- Theatrical Release Poster
- Directed by: Erik Peter Carlson
- Written by: Erik Peter Carlson
- Produced by: Mark Baier
- Starring: Najarra Townsend; Constance Brenneman; Chandler Rylko; Jeanette May Steiner; Samuel Nolan;
- Edited by: Alex Bordino
- Music by: Nathaniel Levisay
- Production company: Riding Hood Motion Pictures
- Distributed by: Mance Media (See Matthew Mancinelli)
- Release date: June 8, 2014 (Dances With Films);
- Running time: 144 minutes
- Country: United States
- Language: English

= The Toy Soldiers =

The Toy Soldiers is a 2014 American coming-of-age drama film was written and directed by Erik Peter Carlson, and starring Najarra Townsend, Constance Brenneman, Chandler Rylko, and Jeanette May Steiner.

Set in the 1980s, five coming-of-age stories unravel together on the final evening that local hangout, The Soldiers Roller Rink, closes its doors. During an ongoing night of sex, drugs, and rock "n" roll, the innocence of youth will unravel and each individuals life will be changed forever.

==Background==
Erik Peter Carlson's sophomore feature film portrays an unsentimentally realistic story about the life, complexities and savageries faced by teens and their families in the 1980s culture of America. Many scenes from the film were shot at the Huntington Beach Pier and the Moonlight Rollerway in Glendale.

The film premiered on June 8, 2014 at the Dances With Films festival as the Closing Night Feature at the TCL Chinese Theatre. The film was theatrically released November 14, 2014 in AMC Theatres.

==Plot==
Over the course of one night, five parallel coming-of-age stories dramatize the stages of grief. A mother in a custody battle over her children finds tranquility in alcohol. The abuse from her ex-husband still haunts the children, a 19-year-old drug addict and his younger brother, a closeted homosexual and target of bullying. Another teen offers sexual favors to gain acceptance, and encounters a challenged classmate who would do anything for her love. There's also the story of the redheaded beauty who is haunted by a secret, tragic past. These lives and others will change forever on this evening when the Toy Soldiers Roller Rink, their local hangout spot, closes its doors for the final time.

==Cast==
- Najarra Townsend as Angel
- Constance Brenneman as Mary Harris
- Chandler Rylko as Elliot Harris
- Jeanette May Steiner as Layla
- Samuel Nolan as Jack Harris
- Nick Frangione as Steve
- Amelia Haberman as Sue Harris
- Matt Harrelson as The Stud
- Megan Hensley as Cricket
- Andre Myers as Wilson
- Kevin Pinassi as Clyde Harris
- Thatcher Robinson as Jason
- Izzy Pollak as Harold Beaver
- Marco Tazioli as Freddie
- Danno White as Sean
- Kelsey Impicciche as Female skater

==Screenings==
The film premiered at Dances With Films on June 8, 2014, and on October 2, 2014, got its screening at the SoCal Independent Film Festival.

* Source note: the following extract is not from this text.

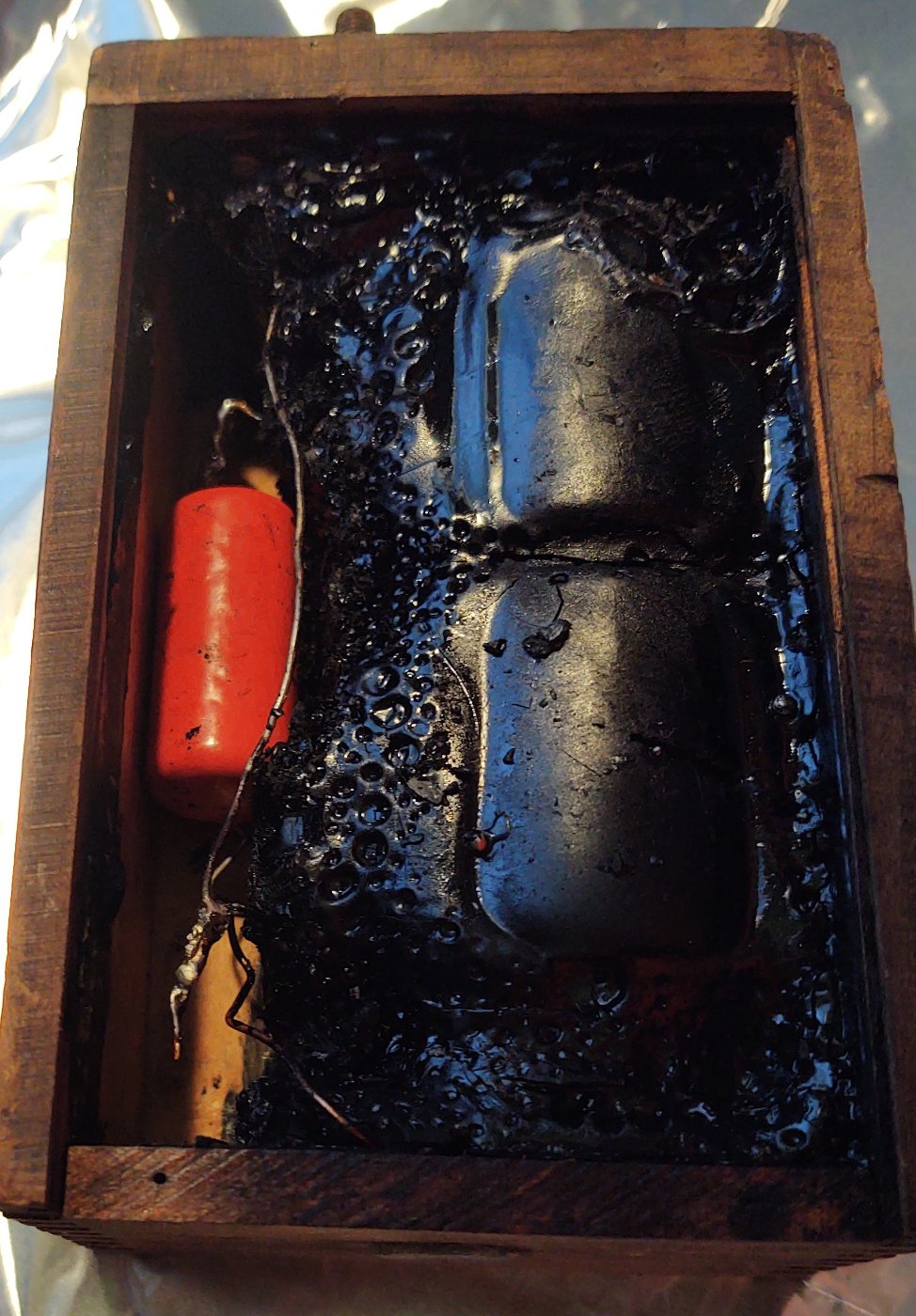 Thanks Charlie. I did save what I took out of one I took apart. The new cap is lather in diameter and I have to remove the glass plate. I considered using wood fill pieces of plexiglass and reuse what I can salvage. If someone is willing to part with a little chunk of tar it would make it easier. Thanks for taking the time to explain your process. The only reason I’m doing a few coils is to learn more. I only have the one car.Charlie B in N.J. wrote: ↑Sun Apr 07, 2024 5:29 pmIf you haven’t started yet and just need it for a capacitor replacement here’s what I’ve done about a dozen times: first carefully pry off the narrow side of the case opposite the brass buttons. A putty knife between the tar and the wood does wonders. Once off tar picking is easy. I leave the glass insulator in place as the caps I’ve used left enough room. Reclaim every piece of tar you chip out. Work on a large cardboard or plastic but save it all. Solder in the cap and use wood spacers to take up most of the open space. The collected tar goes into a small tin can with a spout bent into the top. A vice grip makes a good handle. OUTSIDE use a propane torch to melt the tar. It will go liquid quickly and smoke like hell. Of course the coils must be lined up and ready to receive the tar. I’ve never needed to buy any tar and don’t do enough coils to need a chunk of it hanging around.

On October 18, 2014, the film got its screening at the Hollywood Film Festival.

On November 14, 2014, The Toy Soldiers was premiered on red carpet at the Universal CityWalk Hollywood.

==Reception==
On review aggregator website Rotten Tomatoes, the film has a 50% approval rating based on 6 reviews, with an average ranking of 7/10.

Dennis Harvey of Variety wrote "With its stilted monologues and crudely melodramatic air of "shocking realism," Erik Peter Carlson's sophomore feature feels like a series of interlocking fringe-theater one-acts that have only grown more artificial onscreen".

The Village Voices Sherilyn Connelly commented that "As compelling as an individual thread or scene might be, the picture as a whole lacks forward momentum, as is often the case with films with asynchronous timelines".

The Hollywood Reporter called the film "A not-so-convincing teenage wasteland".

According to Gary Goldstein of the Los Angeles Times the film have a "way overlong ensemble melodrama".

Lawrence Toppman of The Charlotte Observer was of a different opinion, his reaction was "The rough honesty hooks you, and overlapping storylines eventually sort themselves out".

==Awards and nominations==
The film received multiple nominations at its 2014 festival screening:
- 'Industry Choice Award' and 'Audience Award for Best Feature Film' at Dances With Films
- Nominated 'Best Emerging Filmmaker' for Erik Peter Carlson at Hollywood Film Festival
- Nominations for 'Best Actor' for Samuel Nolan, 'Best Actress - Achievement in Acting' for Constance Brenneman, 'Best Cinematography - Feature Film' for Dan Witrock, and 'Best Screenplay' and 'Best Director - Feature Film', and 'SoCal IFF Award' for Erik Peter Carlson at the SoCal Independent Film Festival.